Task objective: For the material below, reproduce exactly each line from the one that has "3月27日,克松村致富能手达瓦准备开车出行。新华社记者 觉果 摄" through the one that has "Мужчина в деловом", and no others; pictures stay out.

Given information:

:::::

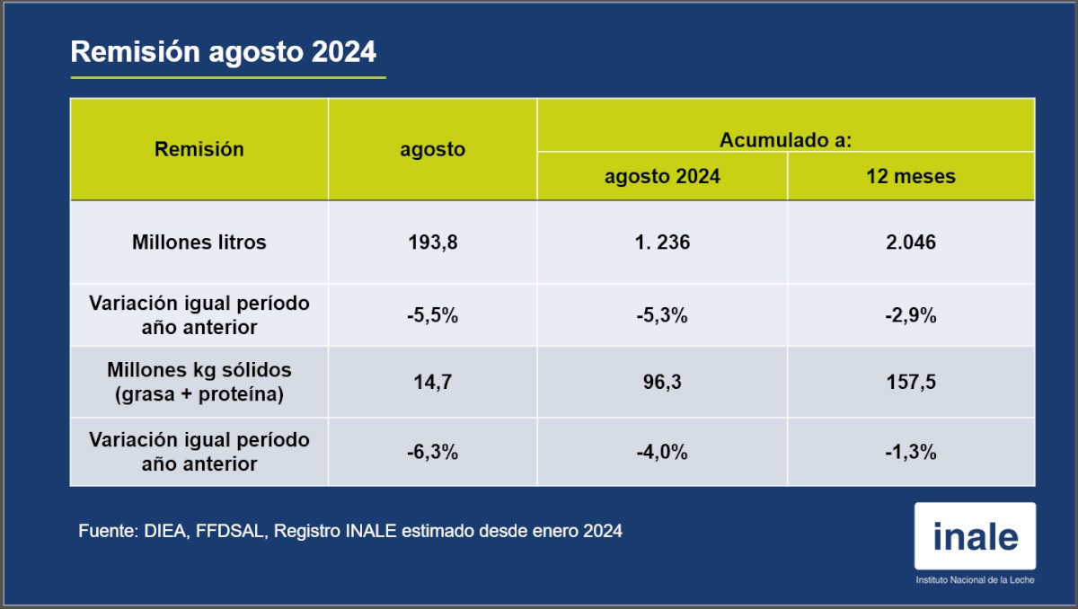 En agosto, la remisión de leche a las plantas industriales en Uruguay totalizó 194 millones de litros, registrando una disminución del 5,5% en comparación con el mismo mes del año pasado. A pesar de esta baja, se observa una moderación en comparación con los descensos de más de dos dígitos que se reportaron durante el trimestre mayo-julio. Sin embargo, los sólidos lácteos (grasa y proteína) tuvieron una caída mayor del 6,3%, alcanzando los 14,7 millones de litros, lo que revirtió la tendencia observada en los meses anteriores del otoño e invierno.
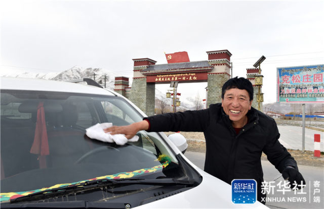 3月27日,克松村致富能手达瓦准备开车出行。新华社记者 觉果 摄
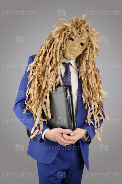 Мужчина в деловом костюме и в жуткой маске на сером фоне
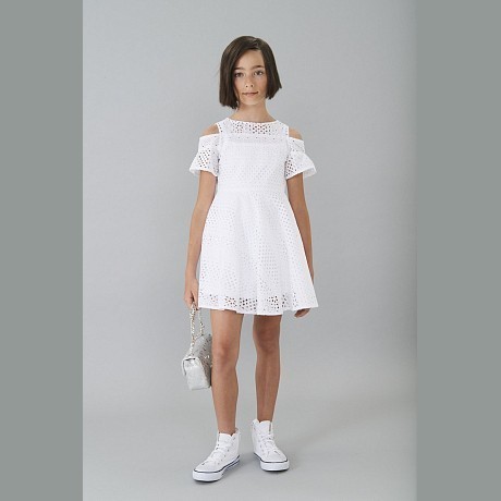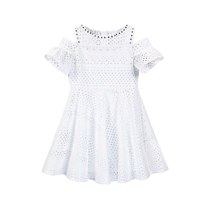 Платье Elsy – это идеальный выбор для девочек! Изготовленное из 100% хлопка, оно украшено стильным кружевом и открытыми плечами. Элегантная белая основа с нежным кружевом создает романтичное и в то же время современное настроение. На фотографии видна аккуратная отделка кружевом по краю плеч и мягкость ткани. Качество от бренда из Китая и внимание к деталям делают эту модель отличным выбором для вашего ребенка!
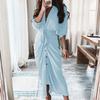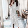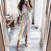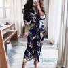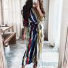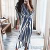 Women's Long Sleeve V-Neck Printed Dress Long Dress

:::::

Task output:
 3月27日,克松村致富能手达瓦准备开车出行。新华社记者 觉果 摄
 Мужчина в деловом костюме и в жуткой маске на сером фоне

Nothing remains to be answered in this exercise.